My plan for now is to start with a 400 watt system (from Rich Solar https://richsolar.com/collections/solar-kits/products/400-watt-solar-kit-with-40a-mppt-controller). Based on their diagram, will this work and still give me my existing options of Shore/Generator/Driving via alternator? Is there a step I'm missing?
Our power needs are minimal, reefer runs off LP, we use laptops, lights and a TBD wireless internet setup.
For the future, the plan is, if necessary additional solar panels and possibly upgrade MPPT controller, then add Lithium LiPO4 batteries when replacement time comes and upgrade inverter/charger when it breaks or we see we need more.
Our traveling plans are. for now, just extended one or two month trips, return home for a short period, visit kids, etc. and then travel again.

TIA for the advice
 
I have a Fleetwood Southwind 2005 (new to me) and plan on spending most time boondocking. We did this in Europe until Covid hit and had to come back to the states. There we had a 7 meter Class C with a single 150 watt solar panel and 2 100 amp AGM batteries and between driving and off/on camping, we didn't have any real power issues.
The RV has 4 220amp 6 volt batteries (just bought by previous owner), an Xantrex Prosine 2.0 Inverter/Charger and Onan generator.
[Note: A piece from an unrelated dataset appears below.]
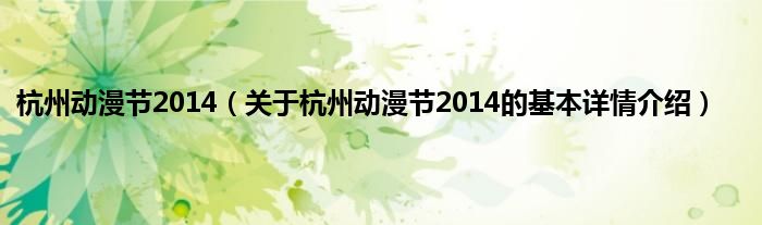 本文关于杭州动漫节2014的基本详情介绍就讲解完毕,希望对大家有所帮助。

I want to build the system as we go, i.e. upgrading/replacing as needed.
My plan for now is to start with a 400 watt system (from Rich Solar https://richsolar.com/collections/solar-kits/products/400-watt-solar-kit-with-40a-mppt-controller). Based on their diagram, will this work and still give me my existing options of Shore/Generator/Driving via alternator? Is there a step I'm missing?
Our power needs are minimal, reefer runs off LP, we use laptops, lights and a TBD wireless internet setup.
For the future, the plan is, if necessary additional solar panels and possibly upgrade MPPT controller, then add Lithium LiPO4 batteries when replacement time comes and upgrade inverter/charger when it breaks or we see we need more.
Our traveling plans are. for now, just extended one or two month trips, return home for a short period, visit kids, etc. and then travel again.

TIA for the advice
Sounds like a good plan. Adding solar will just add an additional charging source and not change any of the setup that you already have.
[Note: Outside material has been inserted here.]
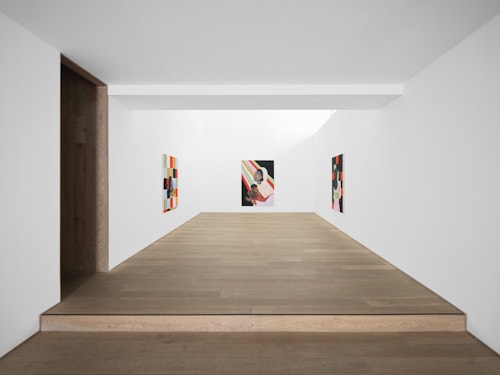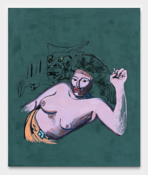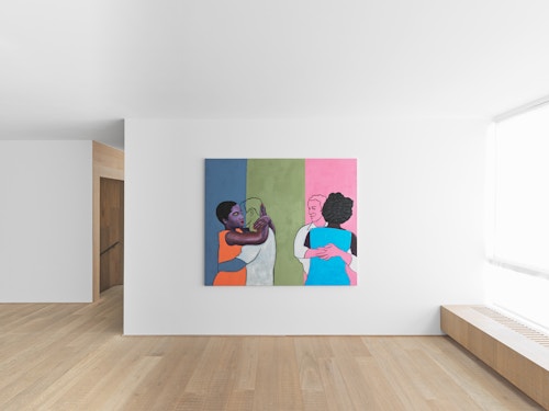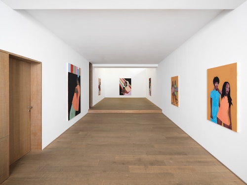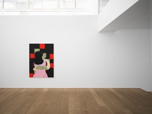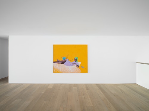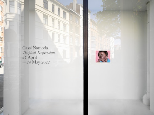 For her debut exhibition with the gallery, Cassi Namoda (b. 1988, Maputo, Mozambique) presents a new series of paintings that were created in Cape Town, South Africa and in East Hampton, New York, where she currently lives and works. The title, Tropical Depression, is both poetic and ambiguous. It is partly inspired by lived experience (a bout of illness while working in Africa) but also the destructive power of nature (a tropical depression is another word for a cyclone). Equally, it speaks to recent Mozambican history and the links between colonialism, war and the status of women. This interweaving of personal and historical references is typical of Namoda’s practice.

Run the FLA batteries until they start to fail unless you outgrow their capacity. The price of LFP should come down in a few years.
 
That kit is very overpriced for what you are getting. I would recommend you buy components separately. I also think that 400W of solar is too small for a battery of your size. How will the panels be positioned? If optimally pointed straight toward the sun, expect to get 85% of rated output. If laying flat on the roof, expect output to be lower, maybe 75%. You can determine this empiricly looking at the amps passing through the controller.

Here is what I would do instead. Buy a high-voltage MPPT controller like the Epever 60A Tracer. Different models start at a Voc limit of 150V, better than their budget controllers. Shop locally for grid-tie panels instead of buying 12V panels through the mail. Then you don't pay for shipping all that glass. Last summer I was buying panels off Craigslist for both myself and neighbors. Was getting 240-260W 30V panels for between 55 and 62$ each.
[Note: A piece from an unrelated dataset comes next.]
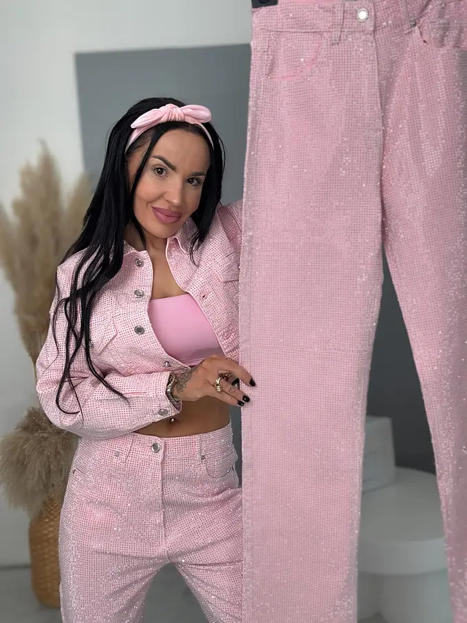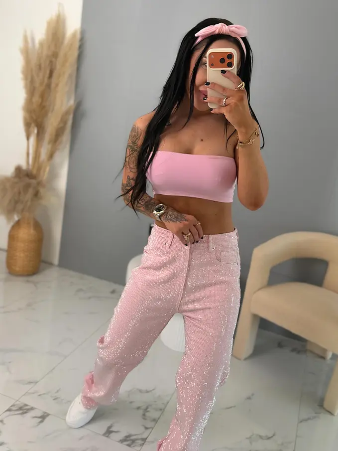 Wide leg strasszköves farmernadrág RAINBOW DIAMANT

Let's assume you want to charge your batteries at 1/8C. Since you have two 12V strings the math works out to be...
220Ah X 2 strings X 0.125C X 13Vcharging X 1.17FF = 837W The value 1.17fudgefactor is the reciprical of 85% (0.85X). Laying flat, use 1.33FF (0.75X).

Let's say you bought three 260W panels like what I just bought for a neighbor. Wiring three in series, you'd get ~8.6A at ~90V. Feed that raw high-voltage solar into your controller, and the output at the battery would be...
(260W X 3 panels)/13V charging = 60A. Except at noon, expect not to get anywhere close to 60A. 60A X 0.75FF =45A in the real-world.

So, 245$ for the controller, 186$ for three grid-tie panels. That's 431$ for almost twice as much power.